The above example report shows that there is 1 query that is standing out compared to the other queries. In the report, it shows that there have 335,792 calls of that query (Query 1). The report contains the actual query as well:
update users set previous_logon_success_time = last_logon_success_time, last_logon_success_time = 1761231622043 where id = '9999xxxx' and identity_zone_id='uaa'\G
From the above example, it can be inferred that the query is coming from the UAA job, and the id `9999xxxx` can then be searched from the UAA logs.
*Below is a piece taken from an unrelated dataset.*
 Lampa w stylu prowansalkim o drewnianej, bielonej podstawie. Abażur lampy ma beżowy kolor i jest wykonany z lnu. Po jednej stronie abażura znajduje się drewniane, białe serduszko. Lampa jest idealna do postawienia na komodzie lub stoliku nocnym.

In this example, the id 9999xxxx is traced to a user 'TESTUSER" and the logins are coming from the IP address shown as the value of 'remoteAddress'.
$ grep 9999xxxx /var/vcap/sys/log/uaa/uaa_events*
[2025-10-30T18:07:31.839264Z] uaa - 12 [https-jsse-nio-8443-exec-1978] - [xxx] .... INFO --- Audit: IdentityProviderAuthenticationSuccess ('TESTUSER'): principal=9999xxxx, origin=[remoteAddress=10.x.y.z, clientId=cf], identityZoneId=[uaa], authenticationType=[ldap]
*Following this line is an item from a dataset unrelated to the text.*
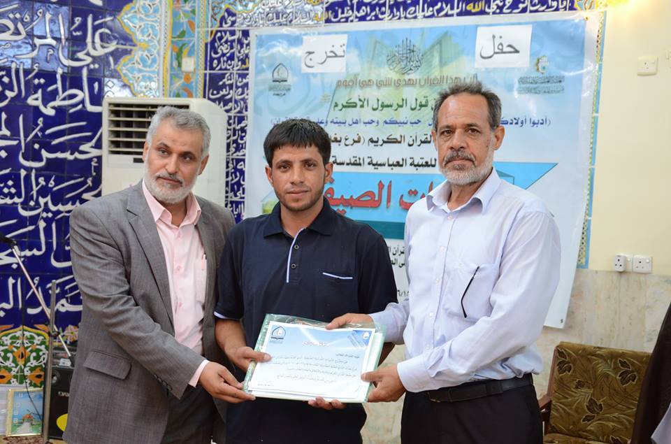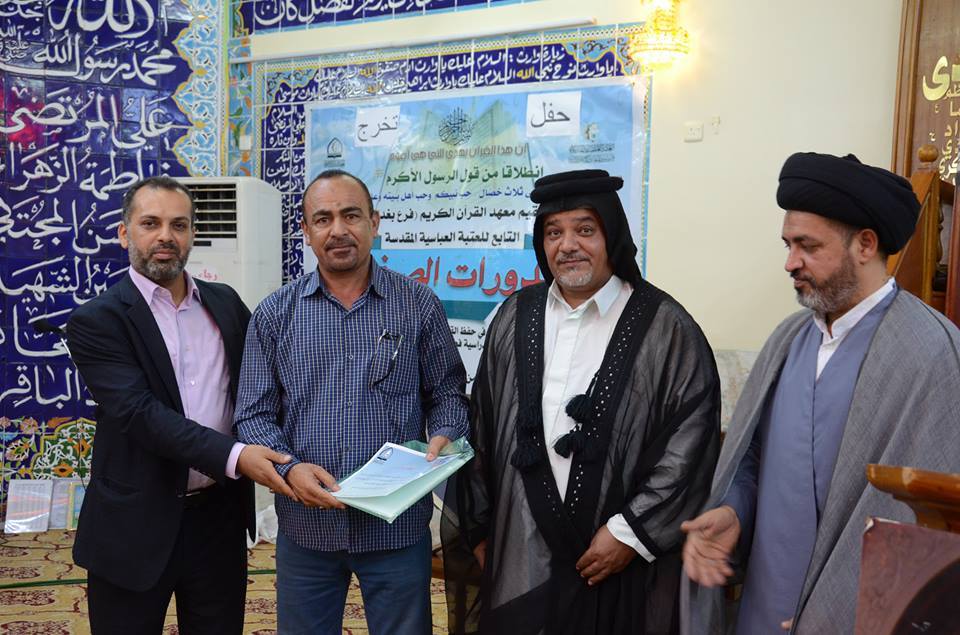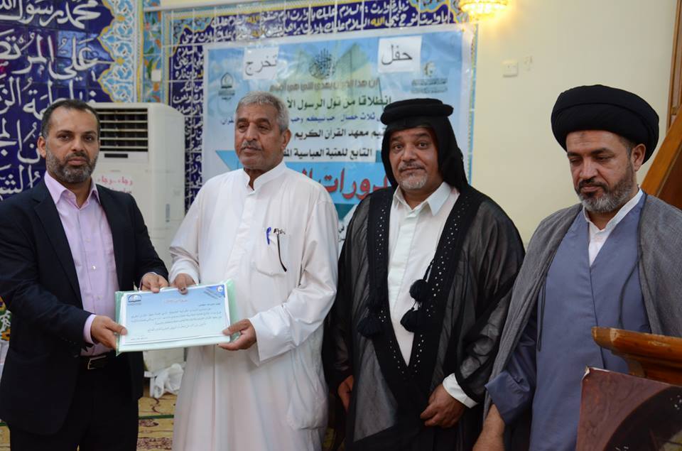 اقام معهد القرآن الكريم فرع بغداد التابع لقسم شؤون المعارف الإسلامية والإنسانية في العتبة العباسية المقدسة محفلا قرآنيا مباركا بماسبة تخرج الدورات الصيفية ضمن سلسة محافل اقامها المعهد في بغداد واقيم المحفل المبارك في منطقة جسر ديالى حسينية الهدى شارع 60 . بدء الحفل بتلاوة مباركة لاحد طلبة مشروع الدورات القرآنية الصيفية بعدها كلمة مسؤول الفرع الأستاذ نبيل الساعدي والذي قال فيها: نحن فرحون لما يحققه هذا المشروع الرائع والجميل وما يفرحنا اكثر هو ازدياد الاعداد عام بعد آخر كما وشطر الطلبة لحضورهم في هذه التجمعات القرآنية المباركة والسعي وراء المعرفة ونشر علوم القرآن وشكر أيضا إدارة معهد القرآن الكريم على توفير احتياجات إنجاح الدورات المباركة وتذليل كل الصعوبات في شبيل ذلك . بعد ذلك تخلل الحفل ابتهالات دينية واناشيد بحب القرآن وآل البيت ( سلام الله عليهم ) والقاء قصائد تحاكي المناسبة من قبل طلبة الدورات معبرة عن فرحهم ونشوتهم لتوزع بعد ذلك الشاهدات التقديرية على الطلبة المشاركين في الدورة . واختتم الحفل بالدعاء للمجاهدين بالنصر المؤزر وتحقيق النصر على قوى الظلام . يذكر ان معهد القرآن الكريم فرع بغداد يشارك ومنذ عدة أعوام في مشروع الدورات الصفية القرآنية الذي تقيمه وترعاه العتبة العباسية المقدسة وهو في تزايد مستمر لأعداد الطلبة المشاركين فيه.

[2025-10-30T18:07:31.839434Z] uaa - 12 [https-jsse-nio-8443-exec-1978] - [xxx] .... INFO --- Audit: UserAuthenticationSuccess ('TESTUSER'): principal=9999xxxx, origin=[remoteAddress=10.x.y.z, clientId=cf], identityZoneId=[uaa]
[2025-10-30T18:07:31.910545Z] uaa - 12 [https-jsse-nio-8443-exec-1978] - [xxx] .... INFO --- Audit: TokenIssuedEvent ('["cloud_controller.write","openid","scim.read","uaa.user","cloud_controller.read","password.write","scim.write"]'): principal=9999xxxx, origin=[client=cf, user=TESTUSER], identityZoneId=[uaa]
...
The logins are seen to be happening multiple times per minute, which explains the volume of the SQL queries. The first command below shows the username and how many times it was logged to have successfully authenticated. The second command shows the unique remoteAddress values and the corresponding count.
$ grep 9999xxxx /var/vcap/sys/log/uaa/uaa_events* | grep UserAuthenticationSuccess | awk '{print $13}' | uniq -c
414068 ('TESTUSER'):
$ grep 9999xxxx /var/vcap/sys/log/uaa/uaa_events* | grep UserAuthenticationSuccess | awk -F= '{print $4}' | awk -F, '{print $1}' | sort | uniq -c
137977 10.x.y.z
130807 10.x.y.a
145284 10.x.y.b
$
Now, that the user account and source has been identified, then mitigation should be carried out accordingly. Once the unusual repetitive logins are stopped, then the MySQL performance (CPU usage and slow queries) can be re-assessed.
In case that it is deemed that the MySQL instance is underpowered, then the VM type can be changed to a larger one with more CPUs and more RAM.